The condition we face is much like that described in Bertolt Brecht's play, The Exception and the Rule. On Brecht's stage a handful of characters wander through a pattern of actions that show a moral universe turned upside down. What is good is made to appear evil; justice and injustice trade places. A coolie attempts to do a good deed. He is killed by his employer who sees the coolie's gesture as a threat from a class enemy. The murderer is placed on trial but is acquitted in a judgment that finds his behavior perfectly reasonable under the circumstances. In his poem The Second Coming, Yeats describes such a situation:
The blood-dimmed tide is loosed, and everywhere
The ceremony of innocence is drowned;
The best lack all conviction, while the worst
Are full of passionate intensity.
What matters more than the model of human nature that you choose to use is to realize that you have one in the first place, because then you have the power to question and change it.

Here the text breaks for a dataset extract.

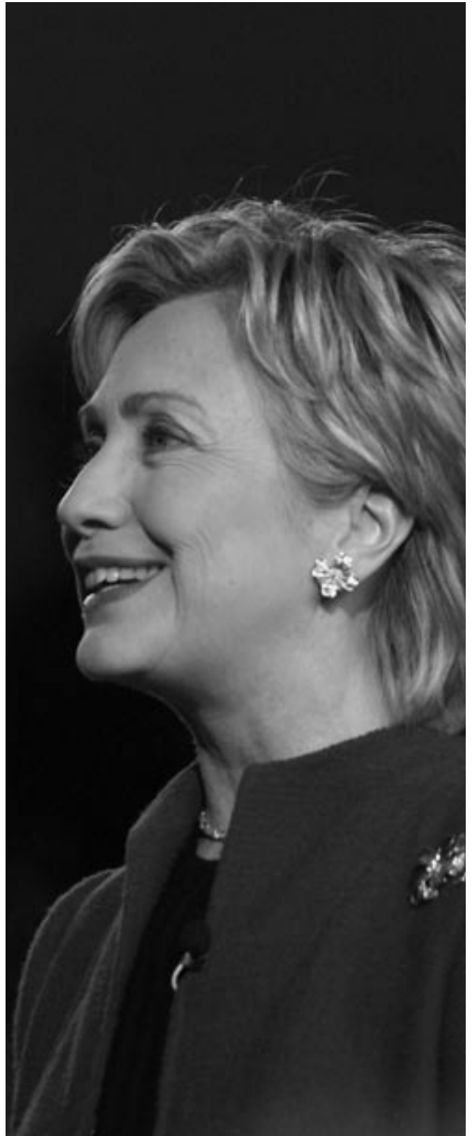
Hilary Rodham Clinton
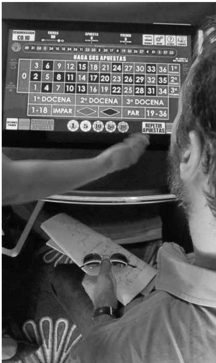
El objetivo es dar a conocer la realidad de nuestra ciudad.

El objetivo de la Ciudad, tal y como se manifestó en multitud de ocasiones por parte del presidente Vivas es convertir a Ceuta en un centro tecnológico

As Keynes once admitted, it was ‘a struggle of escape from habitual modes of thought and expression … The difficulty lies not in the new ideas, but in the old ones which ramify. . . into every corner of our minds.’ Conceptual locks are far more powerful than factual locks.
In the posts that follow, it would appear that I have over-emphasized human cooperation and under-emphasized the competitive and self-aggrandizing aspect of human nature. But the assertions about the negative aspects of human nature have become so common that it was necessary to indicate the overwhelming importance which sociable habits play in Nature and human society. Individual self-assertion is something quite different from the petty, unintelligent narrow-mindedness which goes for “individualism” and “self-assertion.”